Des modèles nous étaient proposés. On les étudiait et l’on s’entraînait à les reproduire sous forme de dissertation.

De temps en temps, nous avions des débats organisés sur ces sujets. Un scolastique devait défendre une thèse et un autre s’y opposer.

Ces débats où l’on se battait sang et ongles pour faire valoir sa vérité produisirent un curieux effet sur ma vie de croyant. Le germe d’un doute coriace qui ne trouvera sa solution que plusieurs années plus tard. Où est la vérité ? Si je peux aussi bien défendre le pour que le contre, faire de l’un ou de l’autre ma conviction, comment prétendre à l’existence de vérités absolues ? Où se trouvait la vérité des diverses croyances religieuses que chacun défendait si âprement ? Question de la durée d’un éclair mais qui laissa en moi sa marque d’éternité.

Revenons à mon plan de vie. Pour ne rien manquer ou ne pas prendre le risque de tout manquer, j’ai foncé la tête baissée dans le projet. J’ai pris deux jours à le pondre et j’ai décidé de le taper à la machine, dans un cahier ligné. Pour ce faire, il faut détacher les feuilles, les replier avant de les introduire dans la machine, numéroter les pages et les placer dans le bon ordre dans le cahier. C’est plus compliqué. Ça en vaut la peine. Ce cahier comme guide ou rappel ou garantie devra me durer toute la vie!

Ce plan s’organise comme un plan d’édifice. Il y a le toit, la charpente et les revêtements.

Le toit c’est mon idéal de vie : glorifier la Beatissima Trinitas. Les murs sont mes conditions de vie : mes vœux, la vie de foi, la prière, la vie communautaire, l’enseignement et les temps libres. Ce sont les grands axes de la vie spirituelle qu’on m’a appris au Noviciat.

Les revêtements sont tous les trucs ou les artifices qui permettront de garder au chaud ma vie d’union à Dieu et de parer aux intempéries et aux infiltrations qui pourraient la compromettre.

On l’a vanté ce plan de vie comme un courtier vante ses polices d’assurances. C’est ainsi que je le vois. Et aussi comme un protocole. Prévoir de quelle façon on veut se comporter devant toute éventualité : devant les tiédeurs, les tentations contre la chair, les confrères agaçants, les supérieurs dominants, les vieux frères bougons.

Mon principe directeur, il est simple. Je l’ai pris dans les Règles. « Un frère devra se rendre capable de tout » et l’exemple qui concrétise le tout, c’est le barreau de chaise à réparer. Tout, vaste comme le monde, mais terre à terre dans le concret du quotidien, comme un barreau de chaise décollé.

Glorifier la Trinité par mon enseignement. Très beau dans les livres mais quand il faut faire répéter les tables d’addition et de multiplication à des enfants, une fois la table de trois apprise, la Trinité risque d’être loin.

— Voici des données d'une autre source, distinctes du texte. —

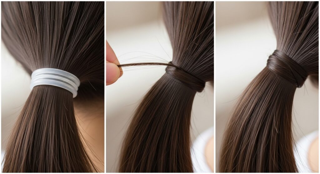 After tying your knot, take a small strand of hair from underneath, wrap it around the base to conceal the elastic, and tuck the end in. This elevates the finish, making the style look professionally done and exceptionally neat.
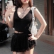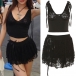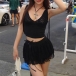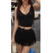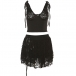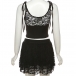 Sexy Lace Two-piece Set Consist of V-neck Crop Top and Bowknot Mini Skirt

Parlons-en de mon enseignement pratique. Une semaine, cinq longs jours dans une classe de quatrième année. Celle du frère Léonce de l’école St-Eugène.

Un frère Léonce qui mène sa classe au doigt et à l’œil, surtout à l’œil car quand il n’est plus dans la classe, ou qu’on ne le voit pas surveiller à travers le carreau vitré de la porte, c’est la pagaille. Toutes les finesses de la dissipation y explosent. Et moi je ne sais comment tenir les rênes de ces jeunes poulains fringants. Je ne puis les mâter. Et de temps en temps, le frère Alfred, responsable de l’enseignement pratique, se met le nez dans la porte. Je me sens condamné comme au jugement dernier.

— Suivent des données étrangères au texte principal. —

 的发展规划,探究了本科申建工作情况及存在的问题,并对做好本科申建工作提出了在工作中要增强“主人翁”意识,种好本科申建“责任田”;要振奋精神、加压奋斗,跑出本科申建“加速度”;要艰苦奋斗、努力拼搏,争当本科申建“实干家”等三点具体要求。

Le frère Marcel nous a bien donné quelques trucs de pédagogie. Il nous a montré comment capter l’intérêt et l’attention des enfants dans l’explication du no 253 du catéchisme. Des papillotes qui font comprendre l’histoire des signes sensibles institués par Jésus-Christ mais… il n’y a pas de papillotes et pas de no 253 à expliquer cette semaine-là!

Et en mathématiques, pour les tables d’addition et de multiplication, il y a la nouveauté des cartes-éclair. Elles sont toutes affichées en haut du tableau, moitié côté réponse, moitié côté aveugle. Aujourd’hui, je soupçonne que le principe (pédagogique) qui soutient cette invention, c’est l’histoire des perceptions subliminales. Le prof tient un paquet de cartes dans sa main et doit présenter le côté aveugle devant la classe à la vitesse des images cinématographiques et à tour de rôle, les élèves doivent répondre correctement. Et ça marche, je l’ai vu faire. Mais moi, je n’arrive pas à tenir à la fois toutes les manettes de contrôle de cette opération. C’est pire que le maniement des guides et des baculs lorsqu’on déchargeait le foin à la grand-fourche. Je frise la panique. Le prof entre. Les élèves redeviennent des images saintes empesées au « cornstach » (fécules de maïs).

Et pendant cinq jours j’ai fait mille sottises pareilles. Les autres racontaient leurs exploits. Ils aimaient l’enseignement. Moi pas. Je me taisais. De profonds doutes sur mes qualités de frère enseignant, sur ma vocation, se plantaient en moi comme des écriteaux « À vendre » sur un terrain miné.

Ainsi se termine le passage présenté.